Волков покорно кивнул. Подобное он уже не раз слышал, но привычно изображал на лице вежливый интерес, думая в эту минуту о чем угодно, только не о церковных реформах. Пожалуй, его равнодушия поубавилось бы, знай он, что у императора есть гораздо более внимательный слушатель… вернее, слушательница…

* * *

Узница вовсе не лишилась чувств. И не такое в жизни испытывать приходилось, чтобы хлопнуться в обморок от вести, которую давным-давно знала. Точнее, догадывалась, что сие вот-вот должно свершиться.

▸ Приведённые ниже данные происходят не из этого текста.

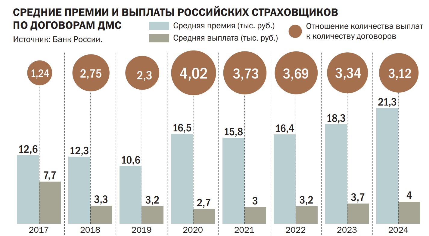 Банк России в своих аналитических материалах отмечает, что в 2024 году работодатели стремились ограничить свои издержки на добровольное медицинское страхование (ДМС) за счет заключения договоров с меньшим набором рисков. Об этом свидетельствует снижение среднего размера страховой суммы на одного застрахованного почти в два раза по сравнению с 2023 годом — до 6,6 млн руб. «В условиях высокой инфляции в 2024 году работодатели оформляли договоры с меньшим набором включенных рисков, чем в предыдущем году. Это позволило им ограничить рост издержек на ДМС без снижения числа застрахованных сотрудников»,— отмечает регулятор.

Еще когда ее задержали на заставе при въезде в Санкт-Петербург, заподозрила неладное. А как подумаешь, что всего этого можно было избежать, назовись она не тем именем, кое значилось в документах! На добывание этих документов было затрачено столько сил в Риме, а здесь их никто не спрашивал. Квартальный отставной прапорщик, сидевший в караульне в худом колпаке и затасканном халате, из-под которого выглядывал красный, изрядно потертый военный кафтан, лениво спросил, кто едет, и проглотил бы любую ложь; при имени же княгини Дараган сонливость его как рукою сняло. Он вскочил и, испуганно оглядываясь на путешественницу, трусцой выбежал в сени, откуда воротился с двумя гренадерами и сержантом, велевшим ей идти в сани. И у нее, глупой, неразумной, еще мелькнула тщеславная мысль, что это, наверное, эскорт, определенный ей волею императрицы!

Один из гренадеров небрежно смахнул с козел кучера и занял его место, не обращая никакого внимания на отчаянные вопли поляка, который лишился всего своего имущества. Сержант и второй гренадер бдительно уселись обочь путешественницы. Какая-то шатающаяся фигура (небось страж заставы, бывший не очень трезвым) откинула рогатку, стоявшую на полуотломанном колесе. Кони понеслись… Вскоре они приехали прямыми, четкими, короткими улицами к Мойке; там пересели в ожидающую шлюпку. Едва поместились, сержант велел лодочнику: «Отваливай!» Мойкою выбравшись на Неву, шлюпка начала держать к зыбкому силуэту крепости и пристала к Невским воротам. И тут наконец-то путешественница поняла, что не эскорт сопровождал ее, а конвой. И всем ее честолюбивым замыслам пришел конец.

Это двухмесячное заключение в темной и тесной каморке было самым лучшим лекарством для ее неутоленного тщеславия! Сейчас ей уже не хотелось ничего: ни трона, ни богатства, ни почестей, ни исполнения грандиозных планов, ни даже счастья и любви, а только свободы… Только воли быть самой собою. Воли идти куда идется, делать что хочется. Однако необдуманные слова нового императора (он был так порывист, что казался способен на принятие самых важных решений под влиянием мгновения или случайной мысли), назвавшего ту, кого он видел впервые в жизни, кузиною и заявившего, что верит ей безусловно, возродили в ее душе некоторую надежду – совсем робкую; и ей теперь надо было собраться с мыслями, немного освоиться с этим крохотным огонечком в окружающей тьме… Ей нужно было время, потому она и разыграла сей обморок.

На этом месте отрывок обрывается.